For each of these lists, there are one or more identifiers that allow you to compare a user's address against the list and determine if there's a match. However, these identifiers do not behave the same way. The purpose of this article to delineate those differences.
For the Users list, we have two identifiers, $level() and $ulist(). Let's start with $level; the help file says that $level() searches the Users list for the specified address and the example uses an address mask of type 2 (for more on masks see /help $mask). So if your Users list looks something like this:
10:qwerty!*@foo.com 15:*!test@*.com 42:*!*@blah.com
then typing
//echo -a $level(*!*@blah.com)
will give you 42; mIRC searched through the Users list for the exact entry *!*@blah.com and found it. However, $level() also accepts full addresses (of the form nick!address@host), which is what makes it really useful. When you specify a full address, mIRC goes through the list and compares each item against the specified full address; if the current item is a wildcard string that matches the full address, the associated level is returned. Think of it as an internal sort of
if (<list item> iswm <full address>)
So
//echo -a $level(somenick!someuser@blah.com)
gives 42.
The other identifier, $ulist() is more powerful though; not only does it accept either an exact mask or a full address, like $level(), but it also accepts wildcard address masks that are not in the Users list. Considering the above Users list, typing
//echo -a $ulist(bleh!*@something.com)
gives you *!test@*.com. Why? Because when mIRC goes through the list, it performs two checks for each item: it checks whether the current list entry is a wildcard string that matches the specified address (or address mask) but it also checks for the opposite, that is whether the specified address mask is a wildcard string that matches the list entry. A scripting equivalent of what's going on would be
if ((<current item> iswm <address>) || (<address> iswm <current item>))
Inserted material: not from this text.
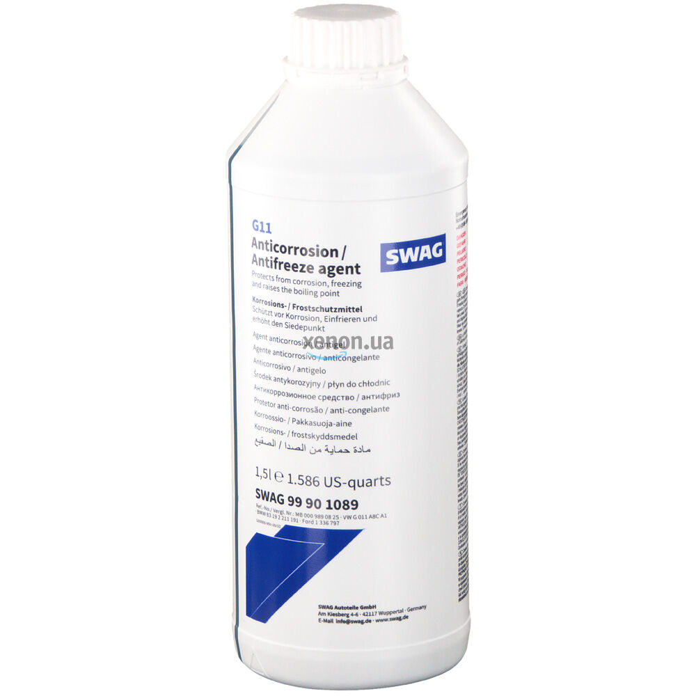 Синий концентрат премиального антифриза SWAG G11 99901089 объемом 1,5 литра. В двигателях внутреннего сгорания значительная часть энергии, получаемой при сгорании топлива, преобразуется в теплоту. Чтобы предотвратить перегрев двигателя и последующий выход его механических компонентов из строя, система охлаждения двигателя должна эффективно рассеивать теплоту в окружающую среду. Часть теплоты, отводимой системой охлаждения, в случае необходимости используется для нагрева воздуха в салоне автомобиля.

Now about the other list types. For the Ignore list, we have the $ignore() identifier. This one works exactly like $level(): it either looks for an exact match in the ignore list or it checks whether each item in the list is a wildcard string that matches the specified full address. This means that if you add qwerty!*@foo.com in your ignore list, both
//echo -a $ignore(qwerty!user@foo.com)
and
//echo -a $ignore(qwerty!*@foo.com)
will give you back qwerty!*@foo.com, however
//echo -a $ignore(qwerty!*test*@foo.com)
will give you an insufficient parameters error (meaning $ignore() returned $null).
The Auto-Op and Auto-Voice list identifiers $aop() and $avoice() have identical behaviour, which matches $ulist()'s behaviour; they perform the same "2-way" comparison, thus they are more powerful than $ignore().
The Protect list identifier $protect(), however, seems to be broken in mIRC v6.2; it only accepts an exact mask, that is a mask that's represented literally in the Protect list. So if your Protect list contains *!*@blah.com, only $protect(*!*@blah.com) returns that entry; both $protect(foo!bar@blah.com) and $protect(*!bar@blah.com) return $null.
NOTE: the exact same rules that apply to address book identifiers also aply to their respective /if operators. That is, isignore, isaop, isavoice, isprotect exhibit identical behaviour to $ignore(), $aop(), $avoice(), $protect() respectively.
While performing some additional tests, I got the following results.. ('isban' included just because it also takes masks)
nick | full | narrow | exact | wide | all | |
---|---|---|---|---|---|---|
$aop | x | x | x | |||
isaop | x | x | x | |||
$avoice | x | x | x | |||
isavoice | x | x | x | |||
$ignore | x | x | ||||
isignore | x | x | ||||
$protect | x | x | ||||
isprotect | x | x | ||||
$level | x | x | x | |||
$ulist | x | x | x | x | ||
isban | x | x |
The entry assumed present in all lists is *!*@host.domain. Legend:
entry | mask tested | description |
---|---|---|
nick | nick | nickname of matching person currently in IAL |
full | nick!user@host.domain | full address, no wildcards |
narrow | *!user@host.domain | narrower wildcard mask |
exact | *!*@host.domain | exact address as present in list |
wide | *!*@*.domain | wilder wildcard mask |
all | *!*@* | mask matching every possible mask |
Clearly $protect/isprotect are different from the rest, but the rest on itself is also far from consistent! Especially $ulist is worth a closer look though, as a few more tests of the "*!user@* vs *!*@*.domain" kind yielded all sorts of seemingly illogical results. With a large number of test cases, I've tried to procedurize how $ulist decides whether there is a match between the given input address and an entry in the userlist.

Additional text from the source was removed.